The result of all of this had been, in part, to make Orberg a national hero to a good segment of the fifteen-to-twenty-five age bracket. He had stopped singing then except for infrequent recording sessions and had turned instead to becoming one of the heads of the protest movement.

That had been one factor, and whatever the right and justice of it, it had seriously weakened the whole military establishment, both in numbers and in prestige. The very words “military establishment” had become an anathema to many people. After the Orberg decision the antimilitary camp had become intensely active; it had sponsored protest movements, speeches, demonstrations, and appeals. By sheer force of rhetoric it had created the illusion that the great majority of the population was with it until a significant number of congressmen began to believe that it might be true. Shortly thereafter, the armed forces had been substantially cut back. The time had seemed right; there had been loud calls for economy and the Department of Defense had had no visible role to play other than to maintain a posture of readiness. Furthermore, the international situation had been giving every appearance of simmering down during the several preceding months until the unexpected challenge had come with lightning speed and total surprise. Obviously those on the other side had been reading von Clausewitz.

Hewlitt remembered next Senator Solomon Fitzhugh, the Mid-westerner who had successfully parlayed his biblical name and its connotations of great wisdom into four successive terms in the United States Senate and eventually the chairmanship of one of its most powerful committees.
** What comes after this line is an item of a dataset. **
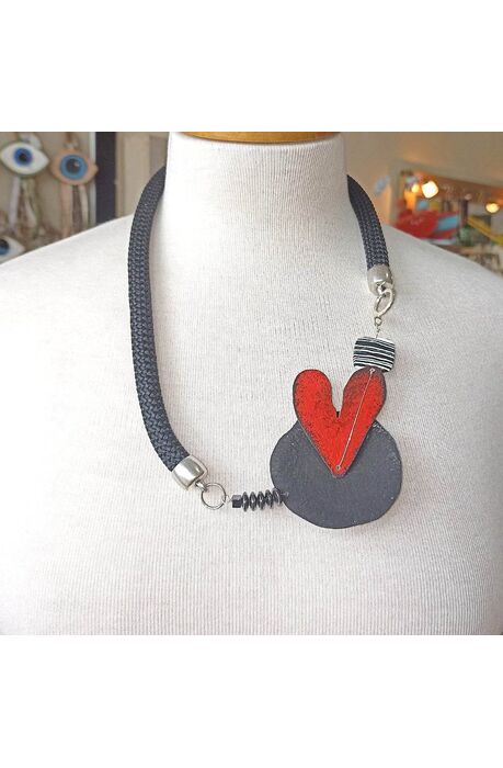 Χειροποίητο κολιέ με δερμάτινη καρδιά

The Fitzhugh committee had created a private hell for the State Department through its relentless probing into certain secret commitments which had been entered into with the President’s full knowledge and approval, but which had not been made public for well-established reasons. The senator himself had been vastly irritated that he had not been made privy to all that was going on and he had sought to take revenge through the power of his office. That had been the springboard which had launched some notably heated testimony.
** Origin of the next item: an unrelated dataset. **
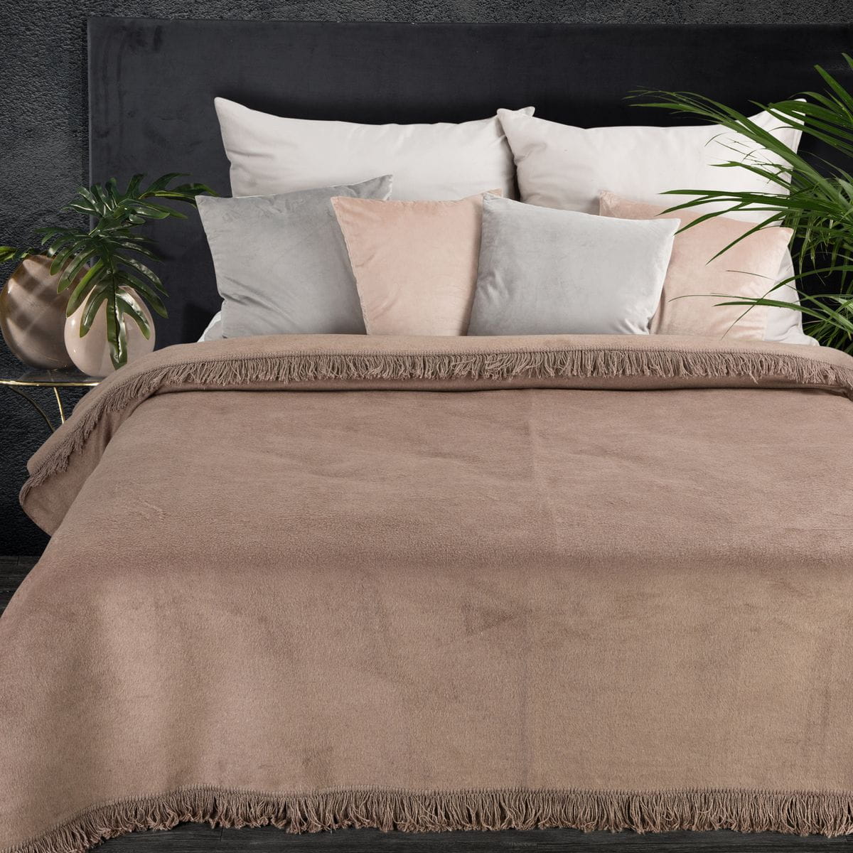 Koc akrylowo bawełniany jednokolorowy z frędzlami

One of the high points of the committee hearings had been the appearance of Admiral Barney Haymarket. The former Chief of Naval Operations had been in retirement for more than two years when he had been summoned once more to come back and be heard on the hill. In the nourishing light of publicity Fitzhugh had pounded away and the admiral had parried him with the expert technique of one who had faced congressional committees many times before. The admiral had maintained that since he was no longer part of the military establishment, the only information he was qualified to give was largely of a historical nature. Fitzhugh had refused to buy that, of course, and the battle had been joined.

“Admiral Haymarket, I’m going to ask you a point-blank question,” Fitzhugh had said when the afternoon had been well advanced. “Isn’t it true that during the time you were in the Navy, while you were occupying a position of very high responsibility, you had knowledge of certain secret international agreements which could, under some circumstances, bear on the posture of our fighting ships at sea?”